------ INPUT RECORDS ------

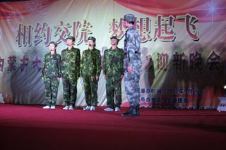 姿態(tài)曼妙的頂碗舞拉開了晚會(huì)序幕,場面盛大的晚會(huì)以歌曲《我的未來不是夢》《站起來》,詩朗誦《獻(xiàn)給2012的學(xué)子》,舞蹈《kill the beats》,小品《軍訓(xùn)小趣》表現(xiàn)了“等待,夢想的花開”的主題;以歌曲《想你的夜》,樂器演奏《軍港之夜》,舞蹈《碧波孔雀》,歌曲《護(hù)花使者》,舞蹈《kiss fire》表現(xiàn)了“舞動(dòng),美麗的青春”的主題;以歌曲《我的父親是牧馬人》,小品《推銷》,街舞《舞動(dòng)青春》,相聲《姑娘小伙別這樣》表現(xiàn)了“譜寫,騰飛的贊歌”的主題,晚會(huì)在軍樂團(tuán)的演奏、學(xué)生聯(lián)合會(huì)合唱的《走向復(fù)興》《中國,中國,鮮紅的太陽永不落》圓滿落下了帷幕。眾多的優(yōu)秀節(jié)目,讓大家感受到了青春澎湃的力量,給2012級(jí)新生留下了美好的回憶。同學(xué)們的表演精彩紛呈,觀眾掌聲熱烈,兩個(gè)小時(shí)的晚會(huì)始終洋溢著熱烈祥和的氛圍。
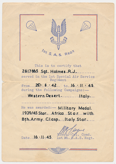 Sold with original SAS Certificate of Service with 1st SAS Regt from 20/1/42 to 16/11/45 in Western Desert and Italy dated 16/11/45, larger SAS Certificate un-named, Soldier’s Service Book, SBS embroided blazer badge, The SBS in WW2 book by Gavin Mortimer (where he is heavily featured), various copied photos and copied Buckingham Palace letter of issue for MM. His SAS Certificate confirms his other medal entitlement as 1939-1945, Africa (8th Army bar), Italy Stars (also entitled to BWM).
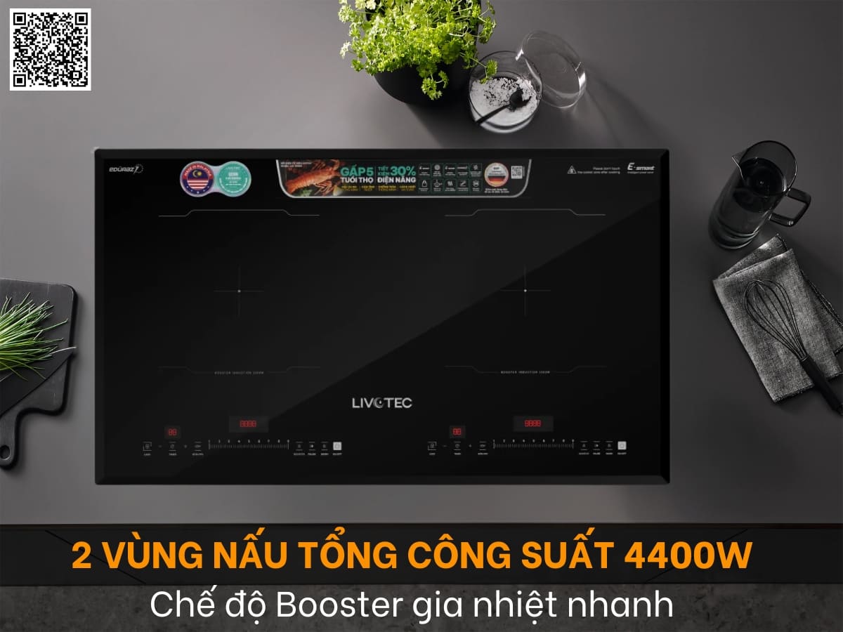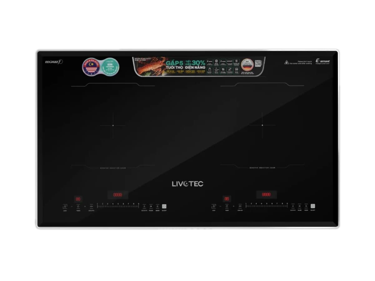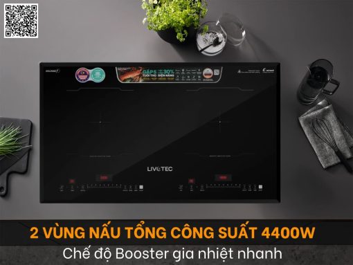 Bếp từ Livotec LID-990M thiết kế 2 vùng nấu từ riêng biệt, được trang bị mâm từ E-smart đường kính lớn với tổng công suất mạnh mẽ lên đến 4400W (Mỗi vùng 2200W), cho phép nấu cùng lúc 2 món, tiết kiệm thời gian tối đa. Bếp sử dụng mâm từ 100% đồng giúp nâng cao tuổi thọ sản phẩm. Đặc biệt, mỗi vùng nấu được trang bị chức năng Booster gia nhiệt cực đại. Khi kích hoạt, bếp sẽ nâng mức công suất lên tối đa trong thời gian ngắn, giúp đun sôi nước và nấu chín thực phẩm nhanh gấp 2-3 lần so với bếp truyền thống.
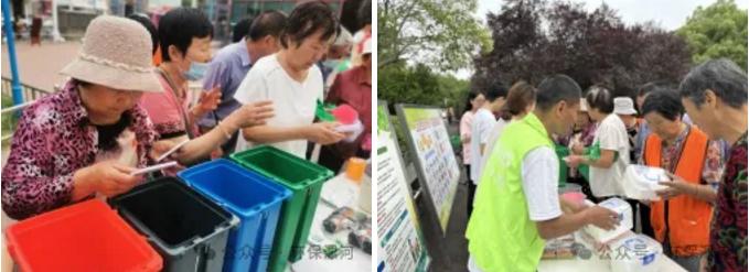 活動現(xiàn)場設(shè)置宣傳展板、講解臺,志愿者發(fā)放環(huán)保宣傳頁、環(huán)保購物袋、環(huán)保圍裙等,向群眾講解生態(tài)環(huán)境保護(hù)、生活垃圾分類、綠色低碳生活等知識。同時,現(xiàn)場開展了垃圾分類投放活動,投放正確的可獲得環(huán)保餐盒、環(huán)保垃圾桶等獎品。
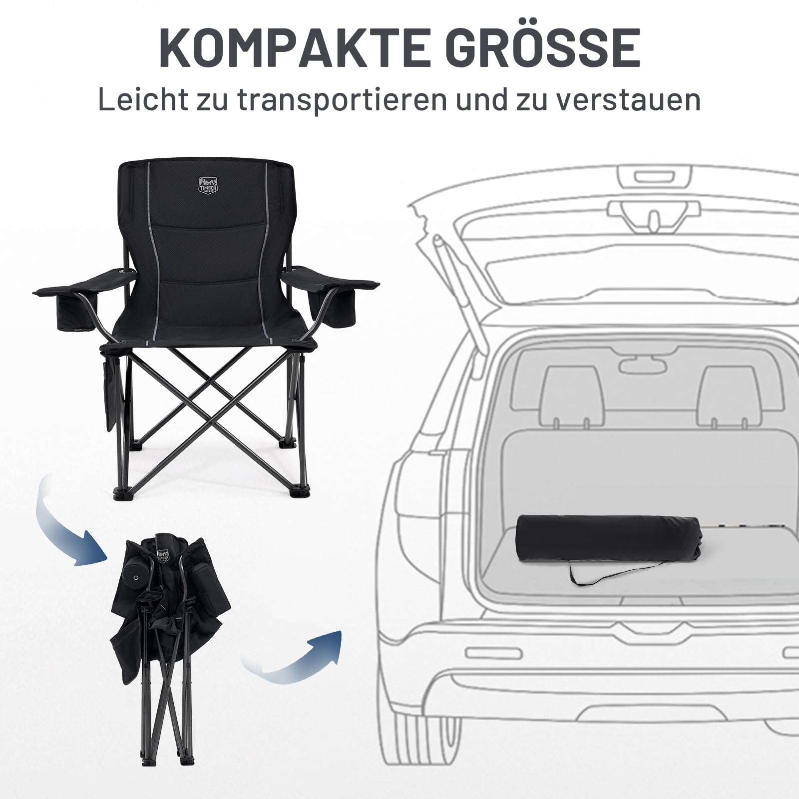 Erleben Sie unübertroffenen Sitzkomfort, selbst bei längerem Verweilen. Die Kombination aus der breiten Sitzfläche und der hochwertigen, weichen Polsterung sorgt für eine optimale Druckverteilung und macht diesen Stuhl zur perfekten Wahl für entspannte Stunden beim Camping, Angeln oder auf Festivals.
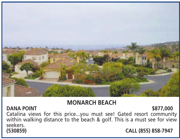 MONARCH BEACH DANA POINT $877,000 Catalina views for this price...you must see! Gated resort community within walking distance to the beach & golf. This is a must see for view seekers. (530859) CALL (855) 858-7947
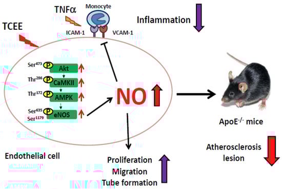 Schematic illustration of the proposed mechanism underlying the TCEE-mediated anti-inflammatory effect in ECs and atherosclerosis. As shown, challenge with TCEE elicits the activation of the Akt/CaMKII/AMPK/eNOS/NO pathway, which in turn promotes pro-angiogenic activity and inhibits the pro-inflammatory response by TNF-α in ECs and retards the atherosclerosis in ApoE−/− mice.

------
------ INPUT RECORDS ------

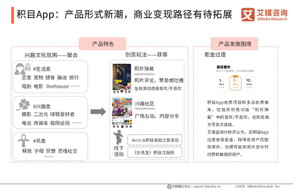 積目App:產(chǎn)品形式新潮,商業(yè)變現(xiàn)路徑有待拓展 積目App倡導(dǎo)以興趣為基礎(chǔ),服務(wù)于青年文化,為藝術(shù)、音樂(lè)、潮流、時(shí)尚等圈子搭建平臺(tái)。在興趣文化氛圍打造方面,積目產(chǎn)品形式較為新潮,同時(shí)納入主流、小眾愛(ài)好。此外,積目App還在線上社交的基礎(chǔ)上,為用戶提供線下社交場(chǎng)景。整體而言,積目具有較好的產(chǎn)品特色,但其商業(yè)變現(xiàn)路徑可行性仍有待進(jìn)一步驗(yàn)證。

------

ASSIGNMENT —
Retype, exactly and with no pictures, everything above from the line with "Erleben Sie unübertroffenen" down to the line with "Schematic illustration of", both included.

RESULT BELOW —
 Erleben Sie unübertroffenen Sitzkomfort, selbst bei längerem Verweilen. Die Kombination aus der breiten Sitzfläche und der hochwertigen, weichen Polsterung sorgt für eine optimale Druckverteilung und macht diesen Stuhl zur perfekten Wahl für entspannte Stunden beim Camping, Angeln oder auf Festivals.
 MONARCH BEACH DANA POINT $877,000 Catalina views for this price...you must see! Gated resort community within walking distance to the beach & golf. This is a must see for view seekers. (530859) CALL (855) 858-7947
 Schematic illustration of the proposed mechanism underlying the TCEE-mediated anti-inflammatory effect in ECs and atherosclerosis. As shown, challenge with TCEE elicits the activation of the Akt/CaMKII/AMPK/eNOS/NO pathway, which in turn promotes pro-angiogenic activity and inhibits the pro-inflammatory response by TNF-α in ECs and retards the atherosclerosis in ApoE−/− mice.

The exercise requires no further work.